Wednesday, March 24, 2010

The Day the Music Died.

I have known for a long time that this post was in the making....but like any other process things need to marinate before they are just spewed out onto the page. So, here is my spew.
I actually started thinking seriously about this topic when one of my favorite bands tweeted their disgust with the music charts. Basically, he lamented that we are living in sad times. And I thought, 'so true'. So, why do we live in sad musical times? There are many reasons my friend, but here are a few of my takes on why music in our generation is dying.

1.) We have no need for true musical talent anymore. If one has sat down to watch American Idol this season for even half a millisecond (which is about all I can stand), there is repeating theme of people thinking they can sing. Ok, I'm not trying to get all Simon Cowell on everyone, but honestly no one understands the limits of their own voice. No one can HEAR the tone in music. This could be a result of the mindless pop charts that tell us a musical artist is all about sounding good on a CD (thanks to auto tune and every other voice over) but once we hear them live....well, lets just say the lip syncing shouldn't surprise us anymore people.

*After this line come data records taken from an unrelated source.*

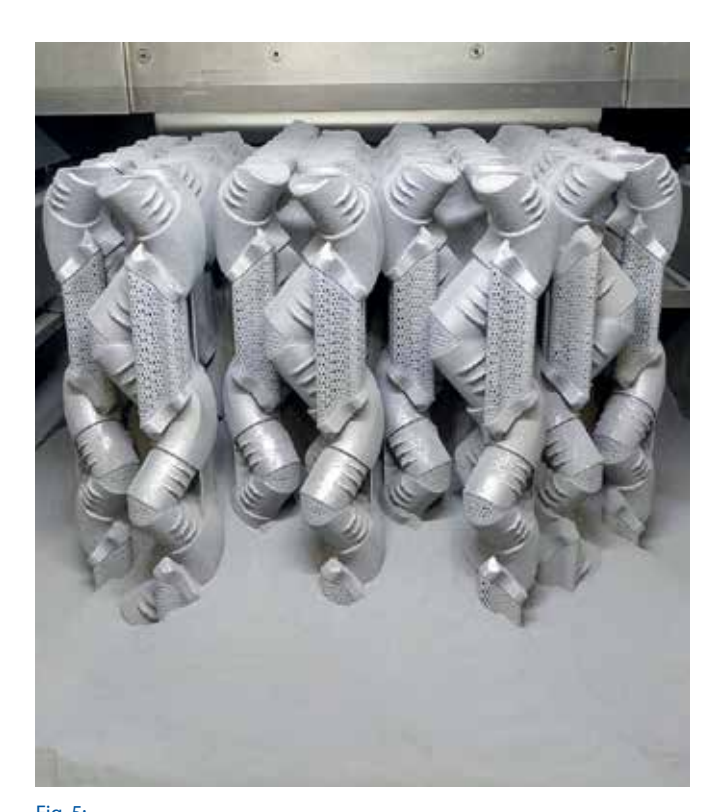
Fig. 5: 120 stacked, nested connectors printed in one process on the SLM®280 by Finnish service bureau 3Dstep Oy.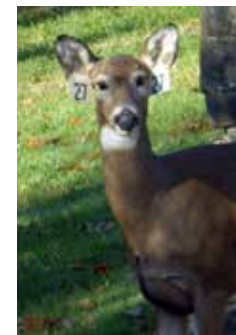
"Doe #27, sterilized in December 2015 and turning 8 years old this Spring, is one of the oldest does in our herd. She spends her days in and around Mt. Storm Park."

hypothermia. Hand warmers and space heaters at the outdoor command center helped keep the transport and recovery team volunteers from freezing!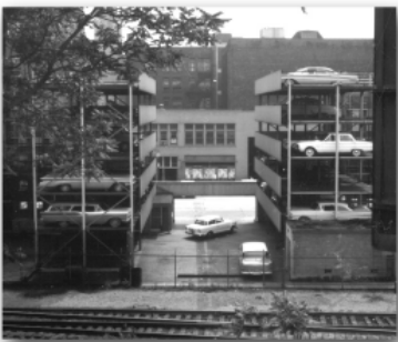
View of the Pigeon Hole Parking from Wood Street, 1961.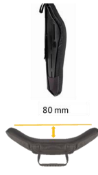
JAY J3 Back Mid Contour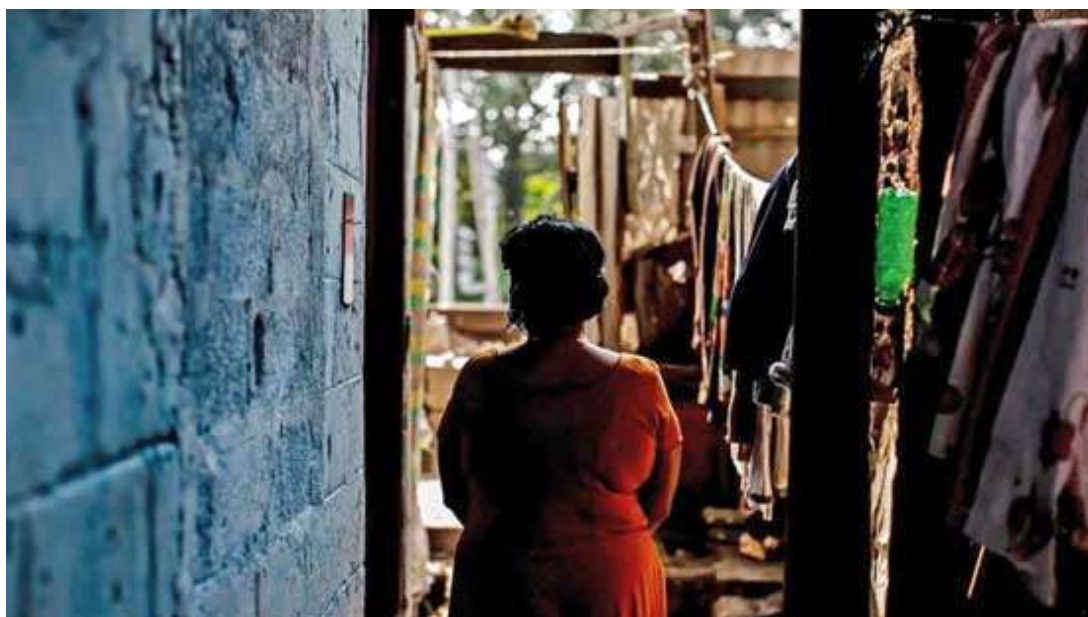
Research on sex work during Lankan civil war: Sex workers and their faint cries to access basic rights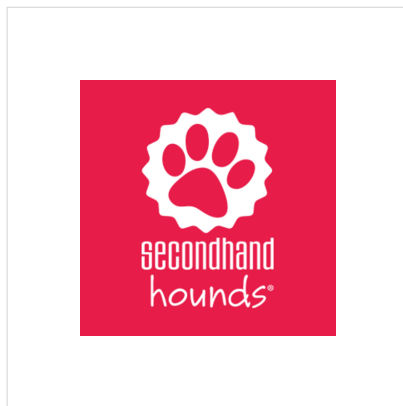
Secondhand Hounds $6,048.13 RECEIVED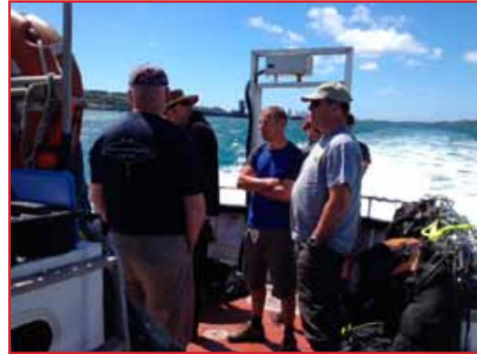
Predator - dive deck & bonding area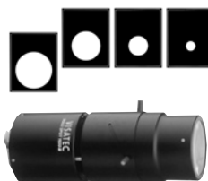
53.130.00 Projection attachment Solospot 800 B/1600 B with flash tube, protecting glass, gobo holder and masks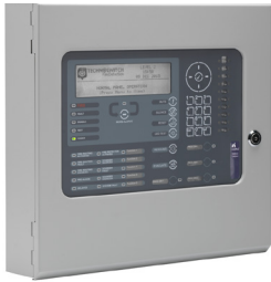
1 Loop Intelligent Fire Alarm Control Panel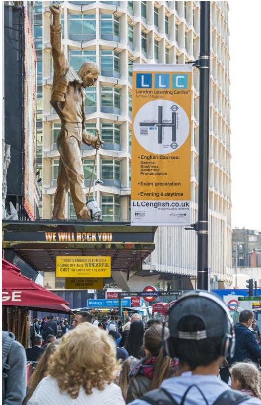
Learning Centre – Tott Court Road

“Contract for the grant of media-ownership of non-illuminated commercial advertising on lampposts” -2011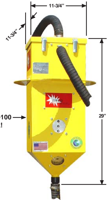
FHMV5-100 FLUX HOPPER. 100 LB. CAPACITY. WILL FIT 16" ROUND MOUNTING HOLE.

EASY DUST CLEANING. SHAKE BAG, PULL OUT DUST PAN AND EMPTY. FLASHING LIGHT TELLS YOU WHEN TO CLEAN.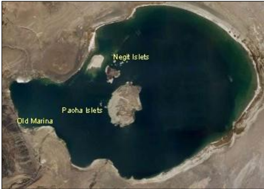
Fig. 1. Location of gull nesting islets within Mono Lake.

The winter of 2012-2013 was relatively dry for the Mono Basin. Snowpack levels measured at Gem pass were 70% of average as of April 1 2013, marking the second consecutive dry winter in the Mono Basin. Mono Lake dropped 0.6 m (1.9') from May 2012 to May 2013. According to data compiled from a Lee Vining weather station present since 1988, the summer of 2013 was relatively warm and wet. Average temperatures for June were the warmest on record, and the .05 m (2 inches) of rain that fell in July was the most recorded locally since 2002 (Greg Reis, Mono Lake Committee). By July 2013, despite the slight increase due to rain, the lake level dropped to 1945.1 m (6381.7') - the lowest recorded during the gull breeding season since 2004 (data courtesy of Los Angeles Dept. of Water and Power website). In both 2004 and 2013 Coyote ( Canis latrans ) predation occurred on nesting islands due to reduced water channels protecting the islets.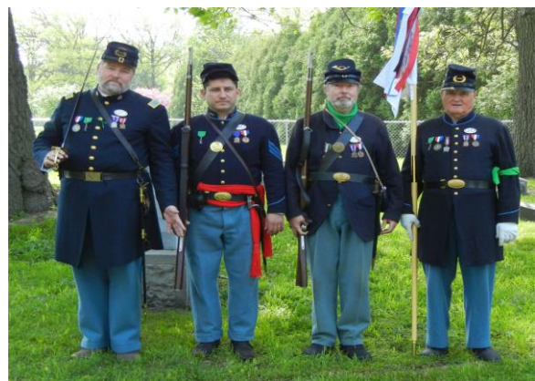
SVR/Grant Camp Honor Guard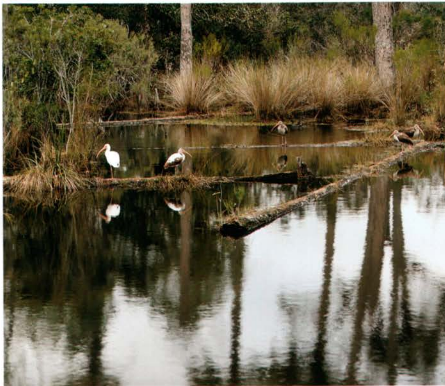
Ibis, egrets, mallards and a wood stork share the marsh pond behind #3 tee.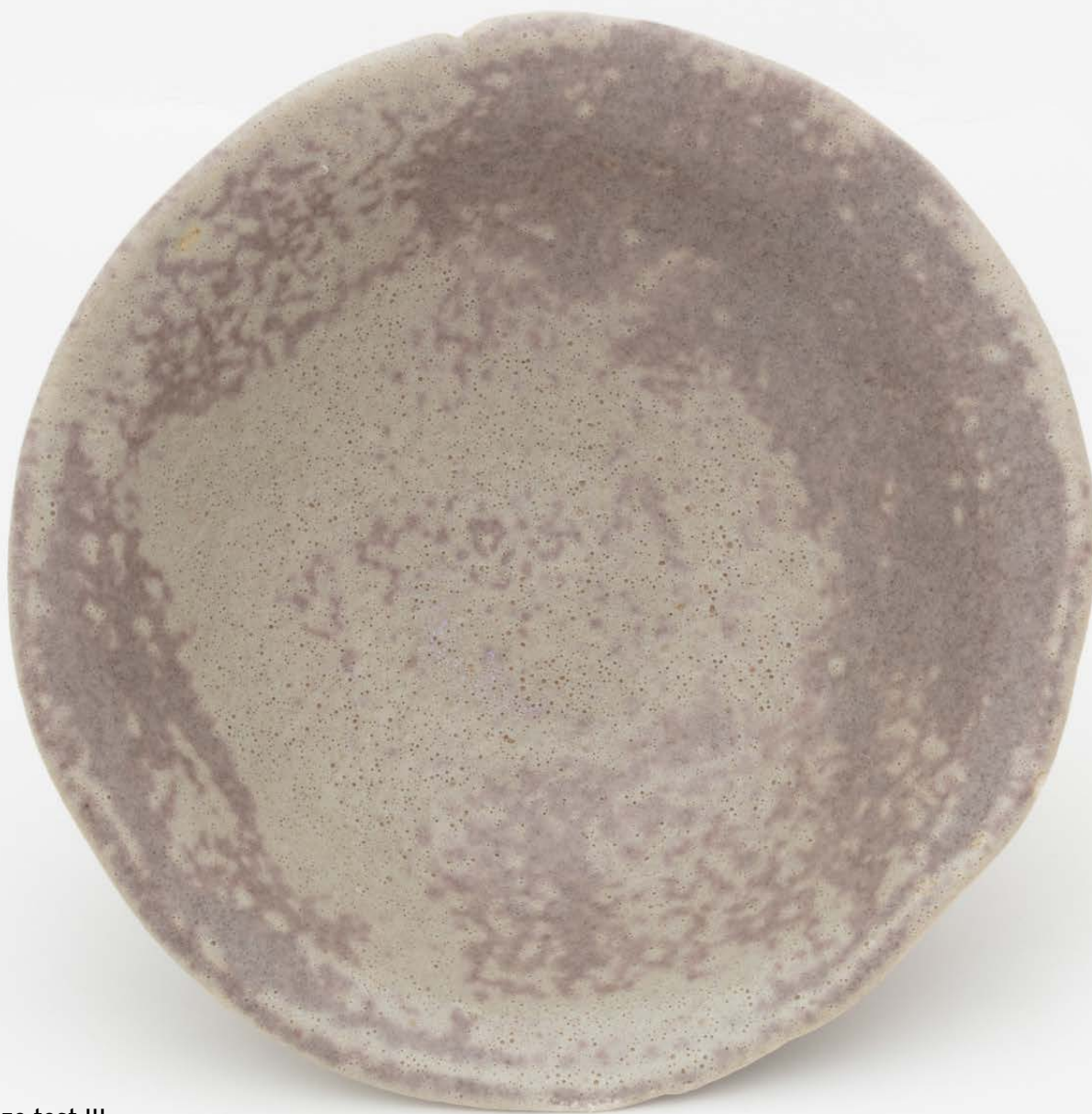
Bowl with glaze test III Glazed ceramic 7.5 x 21.5cm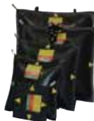
LIBERVIT LIFTING BAG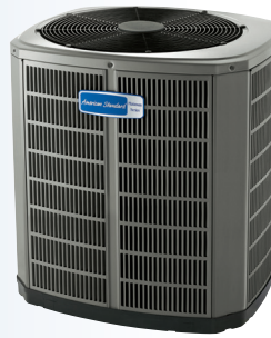
AccuComfort™ Platinum 18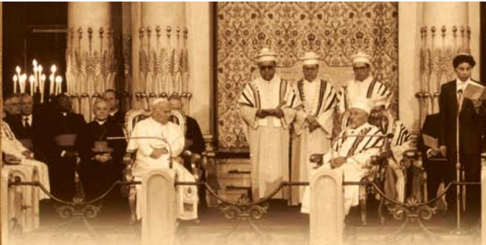
Pope John Paul II in the Synagogue of Rome with Rabbi Elio Toaff – 1986

CHRISTIANS: BROTHERS AND SISTERS, MANY OF US HAVE BEHAVED SHAMEFULLY. WE HAVE NOT REPLACED THE JEWISH PEOPLE WITH OUR NEW COVENANT. OUR "ELDER BROTHERS AND SISTERS" CONTINUE TO OWN A SPECIAL BOND, A COVENANT WITH THE LORD. THE JEWS HAVE RETURNED TO ISRAEL, THEIR ANCESTRAL HOME. WE HAVE SINNED BY PERSECUTING THEM THROUGHOUT THE CENTURIES." THESE PROFOUND WORDS CONSTITUTE ONE OF THE PRINCIPAL LEGACIES OF THIS GREAT SOUL WHO WAS KAROL WOJTYLA, BELOVED POPE JOHN PAUL II.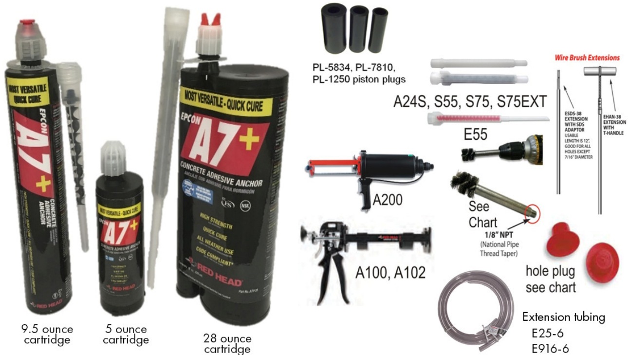
FIGURE 1—RED HEAD EPCON A7+ ADHESIVE CARTRIDGES, DISPENSING TOOLS, MIXING NOZZLES, HOLE CLEANING BRUSHES AND HOLE PLUGS

Red Head A7+ Adhesive is identified by labels on the adhesive cartridges bearing the adhesive manufacturer's name (ITW Commercial Construction North America) and address (Glendale Heights, Illinois), the product name (Red Head A7+), best-used-by expiration date, and the evaluation report number (ESR-3903).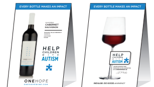
Double Sided Table Tent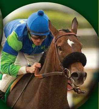
2012 G1 Winner INCLUDE ME OUT

TWO Grade 1 winners over the last two years got their start in Barn 3 at the Fasig-Tipton July Sale. Find your next star at the Brereton C. Jones consignment this year.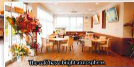
The café has a bright atmosphere.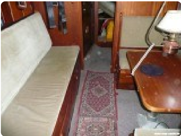
Vindö 50 msp269542 8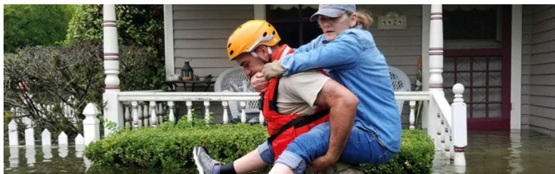
A Texas National Guardsman carries a resident from her flooded home following Hurricane Harvey in Houston

The destruction from recent hurricanes has been widely published and work has begun to help people recover. Residents of Texas, Florida, Louisiana, Puerto Rico, Barbuda, the Virgin Islands, Cuba, and elsewhere will be impacted for years to come. Many are still trying to meet immediate and basic human needs. Fires in the Western United States have destroyed homes and displaced many. Natural disasters continue to affect people throughout our world—including famine in South Sudan. Please pray for those affected.

2.) On top of pure vocal talent, we have lost the need for instrumentation. Now, instead of seeing the artist write their own music, we have a bunch of musicians standing in the back pushing the "star" forward. It seems like the only requirement in today's realm of being considered a musician is to be able to shake one's body on stage hoping that it proves as interesting as a well thought out guitar solo. Unfortunately, it doesn't.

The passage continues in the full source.